In the operation window, select subtract and select the track from detector two as image two so that only the endogenous GFP signal will be obtained. Use Image, Stacks, Z Protect to generate max intensity projection for the endogenous GFP signal. Use the controls in the brightness control window to adjust the brightness and contrast.

Then generate an average intensity for the cuticle, followed by Image, Color, and Merge Channels to merge the GFP stack back with the cuticle-only stack acquired from detector two. This will result in an RGB image comprised of the tissue-specific GFP signal as well as the cuticle signal to help identify the axon arbors within the leg segments. To use the macro, open the confocal stack and click Image, Adjust, and Brightness/Contrast.

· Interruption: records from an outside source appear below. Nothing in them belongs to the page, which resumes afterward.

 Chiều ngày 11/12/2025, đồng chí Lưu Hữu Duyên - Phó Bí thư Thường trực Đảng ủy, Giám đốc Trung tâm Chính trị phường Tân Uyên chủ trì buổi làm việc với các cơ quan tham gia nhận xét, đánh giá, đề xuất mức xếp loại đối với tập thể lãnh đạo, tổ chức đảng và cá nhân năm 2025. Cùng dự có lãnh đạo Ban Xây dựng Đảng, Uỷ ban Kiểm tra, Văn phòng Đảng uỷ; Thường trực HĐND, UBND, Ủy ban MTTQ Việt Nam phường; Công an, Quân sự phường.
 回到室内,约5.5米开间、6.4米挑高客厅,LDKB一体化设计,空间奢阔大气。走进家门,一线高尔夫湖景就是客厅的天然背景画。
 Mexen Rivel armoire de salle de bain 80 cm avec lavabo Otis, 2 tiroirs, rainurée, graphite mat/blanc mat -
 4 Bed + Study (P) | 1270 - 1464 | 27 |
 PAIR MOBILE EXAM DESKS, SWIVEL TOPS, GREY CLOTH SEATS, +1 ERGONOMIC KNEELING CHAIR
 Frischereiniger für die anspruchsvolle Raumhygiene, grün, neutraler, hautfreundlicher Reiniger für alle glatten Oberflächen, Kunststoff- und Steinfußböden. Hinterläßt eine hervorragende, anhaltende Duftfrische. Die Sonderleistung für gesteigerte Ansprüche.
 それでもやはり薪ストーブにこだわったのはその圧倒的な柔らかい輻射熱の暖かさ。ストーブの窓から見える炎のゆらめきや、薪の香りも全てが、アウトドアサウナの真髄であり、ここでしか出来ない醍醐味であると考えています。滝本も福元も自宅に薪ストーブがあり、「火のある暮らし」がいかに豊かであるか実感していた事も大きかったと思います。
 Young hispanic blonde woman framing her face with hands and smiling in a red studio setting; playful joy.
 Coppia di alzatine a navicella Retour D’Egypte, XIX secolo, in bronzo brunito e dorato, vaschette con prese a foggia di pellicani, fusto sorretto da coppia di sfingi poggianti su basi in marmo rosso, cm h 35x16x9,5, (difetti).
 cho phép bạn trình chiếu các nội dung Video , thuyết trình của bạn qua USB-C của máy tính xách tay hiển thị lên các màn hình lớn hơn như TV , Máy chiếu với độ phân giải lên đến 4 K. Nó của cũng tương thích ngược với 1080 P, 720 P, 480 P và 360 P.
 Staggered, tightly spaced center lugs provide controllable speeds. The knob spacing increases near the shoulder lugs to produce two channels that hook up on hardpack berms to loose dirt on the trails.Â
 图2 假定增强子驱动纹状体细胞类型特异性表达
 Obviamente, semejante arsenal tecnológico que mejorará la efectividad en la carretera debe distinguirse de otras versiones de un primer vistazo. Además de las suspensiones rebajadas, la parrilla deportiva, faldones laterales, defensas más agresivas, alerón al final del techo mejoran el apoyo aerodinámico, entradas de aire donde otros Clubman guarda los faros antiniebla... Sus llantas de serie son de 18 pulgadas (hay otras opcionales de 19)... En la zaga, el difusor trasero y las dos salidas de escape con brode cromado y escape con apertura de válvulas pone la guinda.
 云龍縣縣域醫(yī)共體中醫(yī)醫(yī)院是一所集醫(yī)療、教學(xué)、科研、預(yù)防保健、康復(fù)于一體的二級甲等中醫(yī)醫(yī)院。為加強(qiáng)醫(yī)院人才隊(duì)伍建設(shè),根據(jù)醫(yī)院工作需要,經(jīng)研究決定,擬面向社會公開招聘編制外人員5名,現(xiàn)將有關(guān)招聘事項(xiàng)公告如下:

Then click Plugin and Macro Run to run the macro and follow the instructions. When asked to specify the operation in the image calculator window, select image one as stack one. In the operation window, select subtract.

Select image two as stack two. When asked to adjust the contrast, use the controls in the brightness control window to adjust the brightness contrast of the maximal projection image of GFP and of the average projection of the cuticle to generate an RGB merged image of both signals showing the GFP in green and the cuticle in gray. Then merge the results of stack one and stack two to generate a combined GFP and cuticle stack that can be used in the next stage.

To visualize the legs in three dimensions, open the RGB stack in an appropriate 3D software program. In the popup dialogue window, select all of the channels in the mode conversion section and enter the size of a voxel obtained from the previous analysis. In the channel one module, right click and select Display and Volren.

Then left click on the Volren module. In the Properties section, left click on Advanced and select DDR. Then adjust the gamma value to see the cuticle background.

In the channel two module, right click and select Display Volren. Then left click on the Volren module, Edit and select volrenGreen.col. Using this procedure, the signal from the cuticle can be combined with the GFP signal to identify the positioning of the axons within the legs.

It is critically important to obtain well-fixed legs. In properly fixed legs, the internal structures within the legs are of a uniform color and the tracheas, which are dark, are visible. In poorly fixed legs, dark material is present in the tarsus and tibia and the tracheal system is not clearly visible in the femur and coxa.

The procedure we described here overcomes the challenge of detecting fluorescent expression in motor neuron axons through a thick and auto fluorescent cuticle with high resolution. So the clean and detailed fluorescent signal obtained allow us to visualize and quantitate the three-dimensional feature of the axon arbors using 3D imaging programs. So this technique will allow us to use adult Drosophila as a model not only to study the development of motor neuron, but also to study, to understand the impact of degenerative disease such as ERAS on the locomotor system integrated.